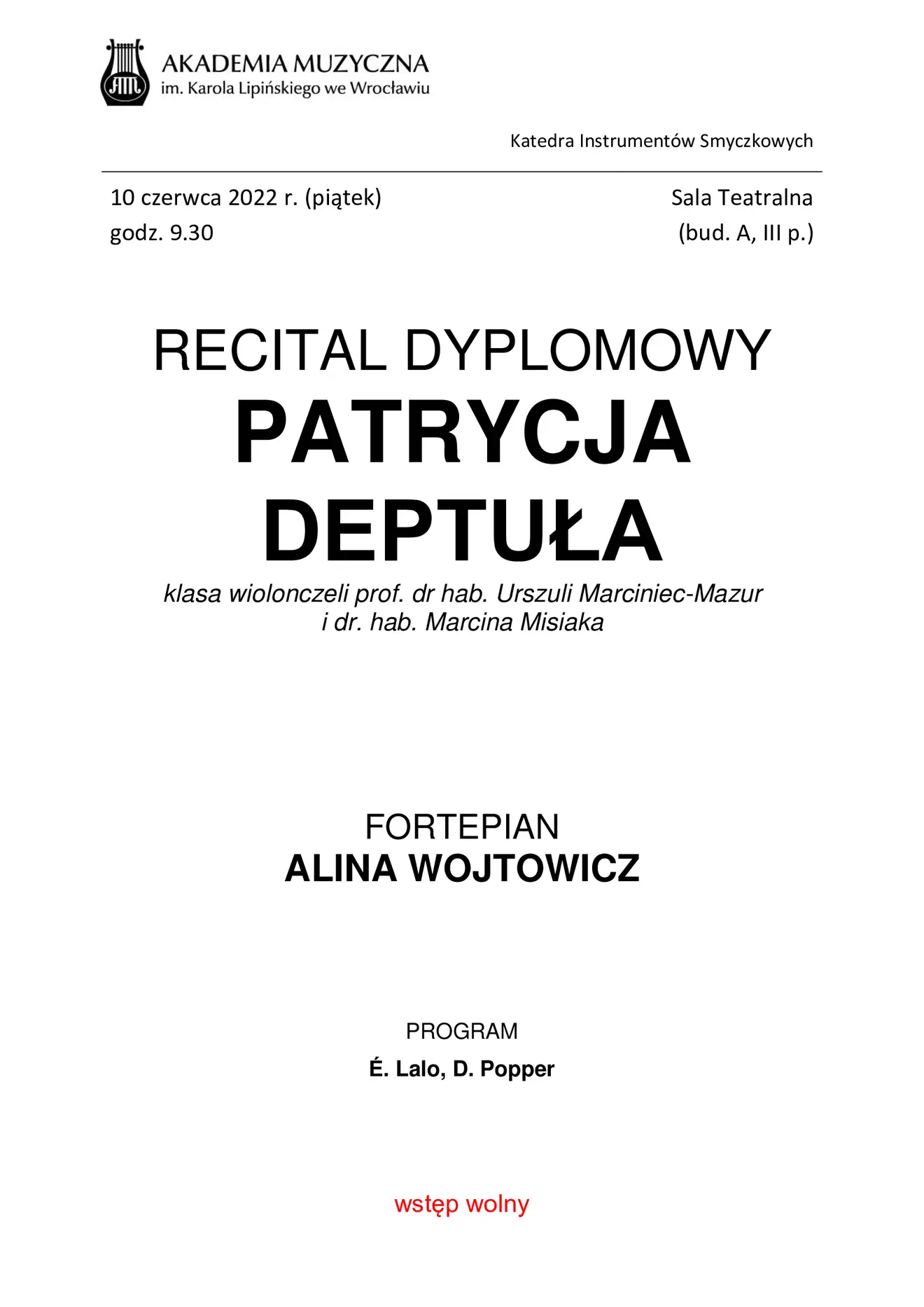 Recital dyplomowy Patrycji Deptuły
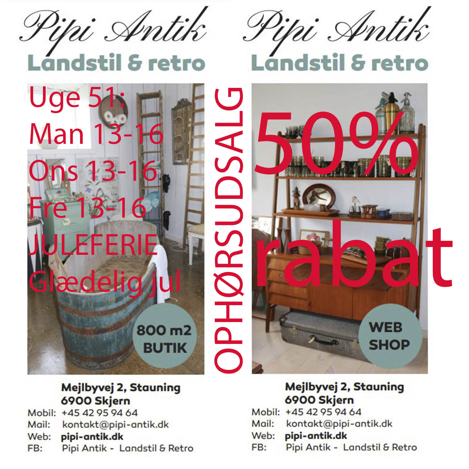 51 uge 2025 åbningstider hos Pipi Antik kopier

==

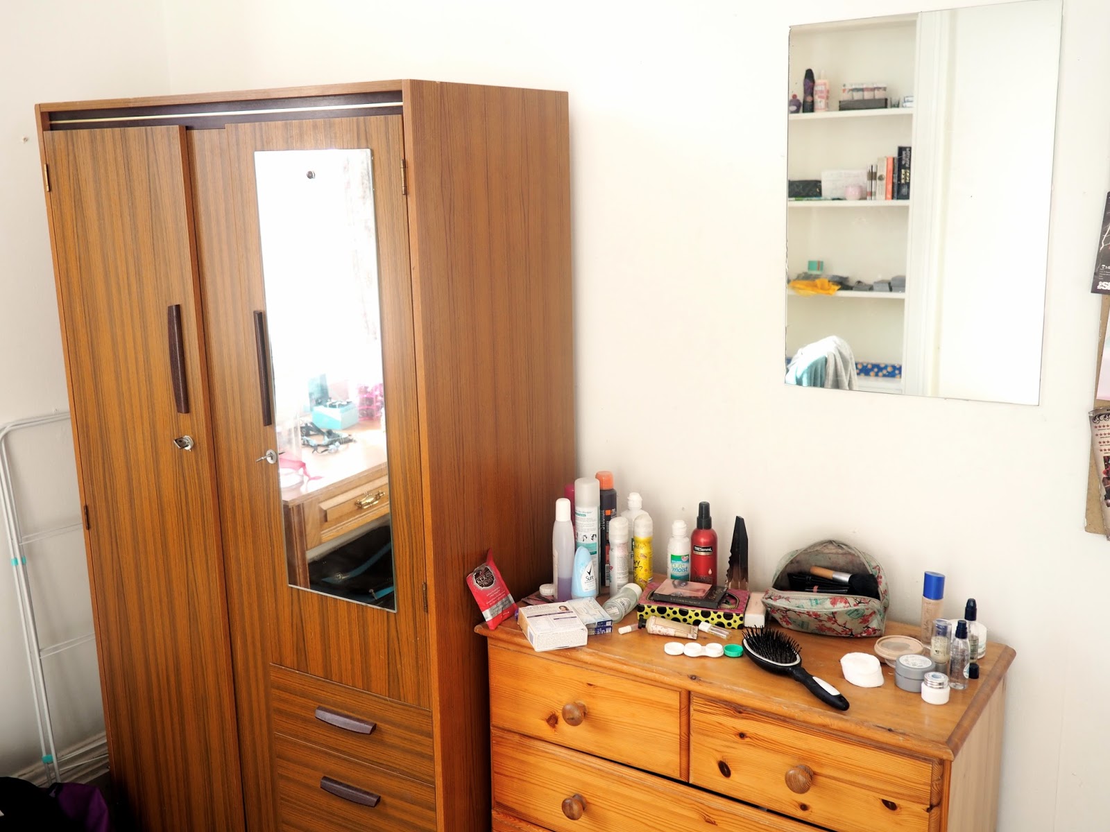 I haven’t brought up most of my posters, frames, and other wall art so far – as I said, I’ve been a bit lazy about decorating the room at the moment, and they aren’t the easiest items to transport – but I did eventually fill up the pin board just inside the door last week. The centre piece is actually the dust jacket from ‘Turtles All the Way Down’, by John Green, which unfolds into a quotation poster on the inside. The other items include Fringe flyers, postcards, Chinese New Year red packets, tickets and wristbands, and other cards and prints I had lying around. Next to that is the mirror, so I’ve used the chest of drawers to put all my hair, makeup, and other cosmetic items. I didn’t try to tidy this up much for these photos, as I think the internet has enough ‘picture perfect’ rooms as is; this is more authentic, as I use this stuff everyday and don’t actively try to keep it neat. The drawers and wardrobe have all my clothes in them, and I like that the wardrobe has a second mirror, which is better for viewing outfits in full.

[WORK REQUIRED] Although pictures appear among the entries, please set down only the lines from the one with "Recital dyplomowy Patrycji Deptuły" up to and including the one with "51 uge 2025", word for word.

[YOUR SOLUTION]
 Recital dyplomowy Patrycji Deptuły
 51 uge 2025 åbningstider hos Pipi Antik kopier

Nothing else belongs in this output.